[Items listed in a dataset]
_ _ _
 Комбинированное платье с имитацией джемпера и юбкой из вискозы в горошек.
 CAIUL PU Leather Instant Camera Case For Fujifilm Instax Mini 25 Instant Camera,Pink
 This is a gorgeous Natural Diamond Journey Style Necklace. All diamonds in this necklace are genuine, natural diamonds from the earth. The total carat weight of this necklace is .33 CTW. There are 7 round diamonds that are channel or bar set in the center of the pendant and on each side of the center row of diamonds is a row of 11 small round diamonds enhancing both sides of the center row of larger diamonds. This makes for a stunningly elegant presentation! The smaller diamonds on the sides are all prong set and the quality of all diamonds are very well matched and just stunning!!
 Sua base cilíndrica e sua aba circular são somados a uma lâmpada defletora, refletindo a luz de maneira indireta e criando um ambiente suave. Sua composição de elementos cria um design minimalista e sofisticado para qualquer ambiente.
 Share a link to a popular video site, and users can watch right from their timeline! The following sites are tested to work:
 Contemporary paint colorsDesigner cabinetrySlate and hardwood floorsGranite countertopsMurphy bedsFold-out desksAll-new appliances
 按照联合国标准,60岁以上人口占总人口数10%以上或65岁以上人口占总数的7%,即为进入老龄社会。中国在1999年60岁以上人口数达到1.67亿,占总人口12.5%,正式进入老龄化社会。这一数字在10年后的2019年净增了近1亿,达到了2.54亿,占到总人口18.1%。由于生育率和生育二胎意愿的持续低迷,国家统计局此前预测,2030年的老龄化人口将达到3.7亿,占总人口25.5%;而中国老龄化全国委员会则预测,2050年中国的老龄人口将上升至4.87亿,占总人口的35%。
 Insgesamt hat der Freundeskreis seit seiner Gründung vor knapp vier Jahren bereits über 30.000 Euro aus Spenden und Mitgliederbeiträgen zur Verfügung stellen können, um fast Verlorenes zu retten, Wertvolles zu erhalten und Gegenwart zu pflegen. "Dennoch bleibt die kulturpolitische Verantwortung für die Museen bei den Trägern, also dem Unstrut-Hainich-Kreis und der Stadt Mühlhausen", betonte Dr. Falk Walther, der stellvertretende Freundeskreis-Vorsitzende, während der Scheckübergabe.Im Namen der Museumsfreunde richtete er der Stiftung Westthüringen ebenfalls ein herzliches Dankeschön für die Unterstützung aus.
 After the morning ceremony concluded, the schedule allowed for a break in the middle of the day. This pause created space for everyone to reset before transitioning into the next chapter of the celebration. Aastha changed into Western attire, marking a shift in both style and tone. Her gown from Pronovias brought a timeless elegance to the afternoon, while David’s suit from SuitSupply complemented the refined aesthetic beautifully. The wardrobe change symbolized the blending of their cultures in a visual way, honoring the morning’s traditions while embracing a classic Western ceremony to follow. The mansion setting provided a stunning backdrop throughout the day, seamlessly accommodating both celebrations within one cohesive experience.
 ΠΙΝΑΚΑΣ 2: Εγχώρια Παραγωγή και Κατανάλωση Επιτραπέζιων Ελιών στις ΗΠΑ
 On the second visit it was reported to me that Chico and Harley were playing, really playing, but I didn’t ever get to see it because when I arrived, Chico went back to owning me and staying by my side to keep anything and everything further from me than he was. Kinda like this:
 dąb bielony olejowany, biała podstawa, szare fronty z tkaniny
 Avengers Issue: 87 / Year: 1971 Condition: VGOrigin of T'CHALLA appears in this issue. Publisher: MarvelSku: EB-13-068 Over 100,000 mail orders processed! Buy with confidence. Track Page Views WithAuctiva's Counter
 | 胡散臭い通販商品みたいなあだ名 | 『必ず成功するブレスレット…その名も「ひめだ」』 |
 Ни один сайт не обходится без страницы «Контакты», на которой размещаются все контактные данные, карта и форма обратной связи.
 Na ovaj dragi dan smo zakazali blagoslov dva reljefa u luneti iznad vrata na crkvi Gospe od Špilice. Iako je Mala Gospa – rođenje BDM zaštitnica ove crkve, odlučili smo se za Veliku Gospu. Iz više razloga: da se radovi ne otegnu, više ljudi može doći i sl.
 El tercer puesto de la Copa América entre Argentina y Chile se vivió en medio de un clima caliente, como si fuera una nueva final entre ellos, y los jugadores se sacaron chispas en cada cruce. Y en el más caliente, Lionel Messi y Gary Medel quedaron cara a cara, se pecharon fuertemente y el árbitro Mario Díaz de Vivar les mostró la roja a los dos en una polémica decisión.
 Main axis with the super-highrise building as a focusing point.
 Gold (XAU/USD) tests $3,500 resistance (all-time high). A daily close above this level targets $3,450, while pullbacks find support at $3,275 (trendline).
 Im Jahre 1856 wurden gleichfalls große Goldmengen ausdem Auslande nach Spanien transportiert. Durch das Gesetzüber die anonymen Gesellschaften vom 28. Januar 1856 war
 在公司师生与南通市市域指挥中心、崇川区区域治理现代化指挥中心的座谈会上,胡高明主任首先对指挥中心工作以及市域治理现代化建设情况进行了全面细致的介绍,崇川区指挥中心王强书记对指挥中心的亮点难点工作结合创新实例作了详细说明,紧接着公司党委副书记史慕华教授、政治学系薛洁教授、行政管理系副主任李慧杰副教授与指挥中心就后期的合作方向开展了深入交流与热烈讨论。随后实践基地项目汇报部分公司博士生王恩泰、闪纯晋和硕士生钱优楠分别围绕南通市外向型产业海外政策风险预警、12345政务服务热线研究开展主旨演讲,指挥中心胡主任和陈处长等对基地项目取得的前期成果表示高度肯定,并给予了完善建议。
_ _ _
* **What you are asked to do**: I'd like the lines above from the one with "Sua base cilíndrica" up to and including the one with "Contemporary paint colorsDesigner" copied exactly, with no other lines.

* **Result for this exercise**:
 Sua base cilíndrica e sua aba circular são somados a uma lâmpada defletora, refletindo a luz de maneira indireta e criando um ambiente suave. Sua composição de elementos cria um design minimalista e sofisticado para qualquer ambiente.
 Share a link to a popular video site, and users can watch right from their timeline! The following sites are tested to work:
 Contemporary paint colorsDesigner cabinetrySlate and hardwood floorsGranite countertopsMurphy bedsFold-out desksAll-new appliances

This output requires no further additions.